Interacting with David from his childhood right up to the time of the writing of this book, when he is in his early 50's, David's siblings had to struggle to understand what he was trying to express. As Judy states, "he had hundreds of tricks that we didn't understand to organize the world." The work then for the siblings is neverending.

The cartoon chapters of The Ride Together are quite informative, particularly in expressing affect. Comics can present the family's real-life events in an actual time sequence while simultaneously presenting the inner thoughts and fantasies Paul was having as his brother put him into embarrassing, impossible, and sometimes mortifying situations.

Unfortunately, the reader needs to be reasonably informed about autism spectrum disorders to appreciate much of what the Karasiks convey in The Ride Together. For the naive reader, this book is the wrong place to start. For the informed reader, this is a quick read that gives some sense of what it is like to have lived in a family with an individual who has an autistic spectrum disorder and to have done so for half a century. In that way, The Ride Together makes a unique contribution.

Ashley Stanford has been the wife of a man with Asperger syndrome for 14 years. She is also the mother of four children, three of whom have been given a diagnosis of Asperger syndrome.
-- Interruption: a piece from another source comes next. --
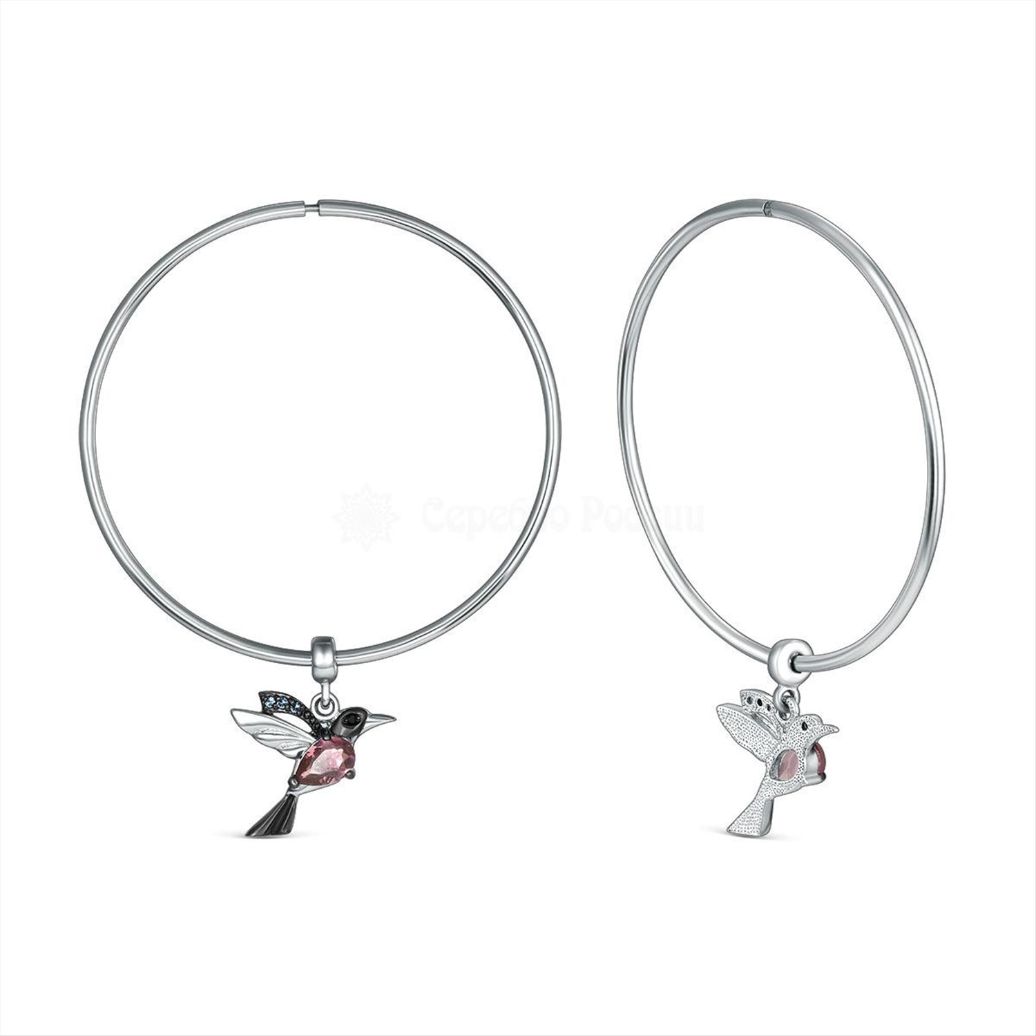 Серьги-конго из серебра с плавленым кварцем цвета родолит, лондон топаз, чёрный, родированные - Птички, Трансформеры (2 в 1) 925 пробы Кн-040р110

She begins her book, Asperger Syndrome and Long-Term Relationships, by trying to find nonoffensive language with which to refer to people with Asperger syndrome (AS) and their neurotypical (NT) partners. She uses the term "Aspie" when emphasizing the strengths of a person with Asperger syndrome. Her book offers practical suggestions on how to understand an "Aspie" partner's idiosyncrasies and struggles to instill hope into relationships that are in trouble. Her overarching goal is to help the neurotypical partner better understand the diagnosis. Stanford, perhaps inadvertently, has also written an exhaustive lay guide to assist with diagnosing a relatively new disorder that is still too often missed by clinicians.

Stanford's comprehensive outline of DSM-IV criteria for Asperger syndrome offers real-life examples that demystify somewhat vague descriptors. Her book is organized into 11 chapters, six of which parse out the diagnostic criteria, phrase by phrase, with individual sections titled "What It May Look Like" and "Implications and Solutions." Although at times this approach makes for a somewhat tedious read, Stanford's real-life examples capture the essence of the experiences of a person with Asperger syndrome. The author validates how difficult it is to be the neurotypical partner of a person with Asperger syndrome yet provides strategies for coping with the disappointment and mitigating some of the loneliness experienced by the neurotypical partner.
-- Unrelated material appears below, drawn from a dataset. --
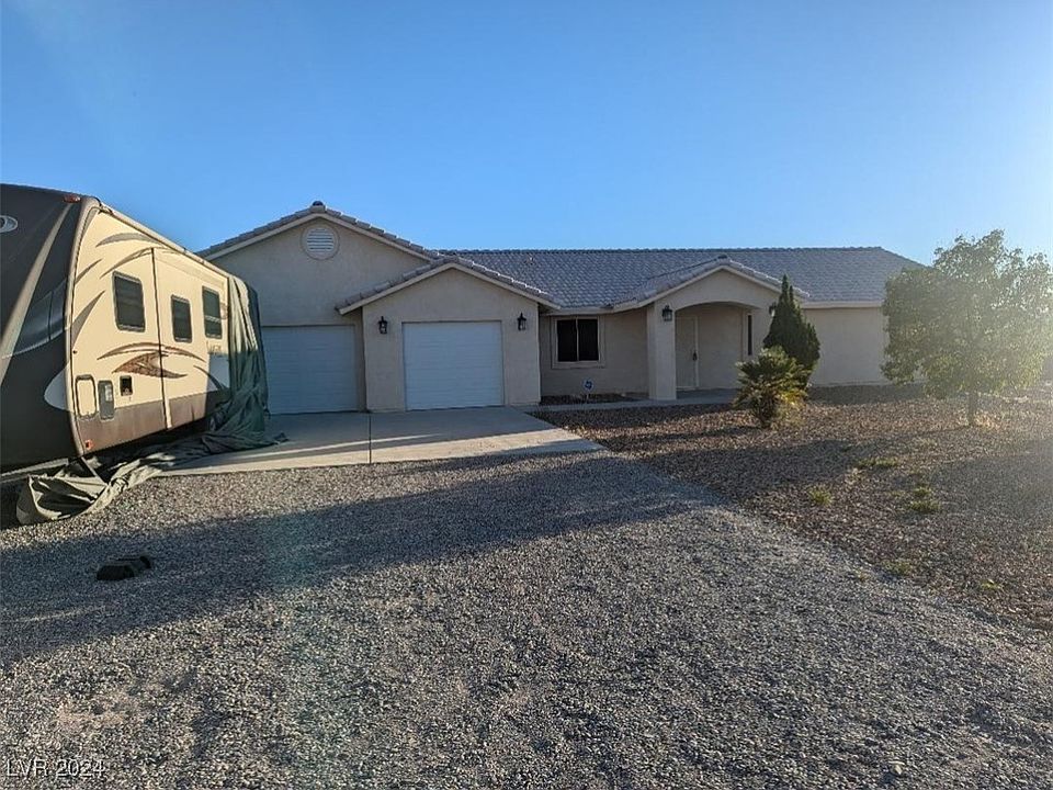 ON .46 ACRES THIS 1713 SQ FT HOME HAS 3 BED/2BATH 3 CAR GARAGE SPLIT FLOOR PLAN WIH LANDSCAPED FRONT YARD AND FULLY FENCED BLOCK WALL BACK YARD WITH RV GATE AND MANGATE. KITCHEN OVER LOOKS LIVING ROOM WITH FIREPLACE FOR FAMILY GATHERINGS. OVERLOOKING THE PAHRUMP VALLEY AND BARELY LIVED IN. MOVE IN READY. NO HOA.

Stanford is a remarkable woman who has accepted her "Aspie" husband's shortcomings as a partner and has learned to celebrate his unique strengths. With grace and good humor, she has also found a way to share their experience of a successful "Aspie/NT" union. This book is so comprehensive that it may well prove useful as a teaching tool for new, inexperienced clinicians. It is certainly to be recommended to any neurotypical partners of people with Asperger syndrome and "Aspies" who are interested in better understanding how their styles complicate relationships.

Dr. Geller is professor of psychiatry and director of public-sector psychiatry at the University of Massachusetts Medical School in Worcester. Dr. Haynes is a child and adolescent psychiatrist in private practice in Worcester.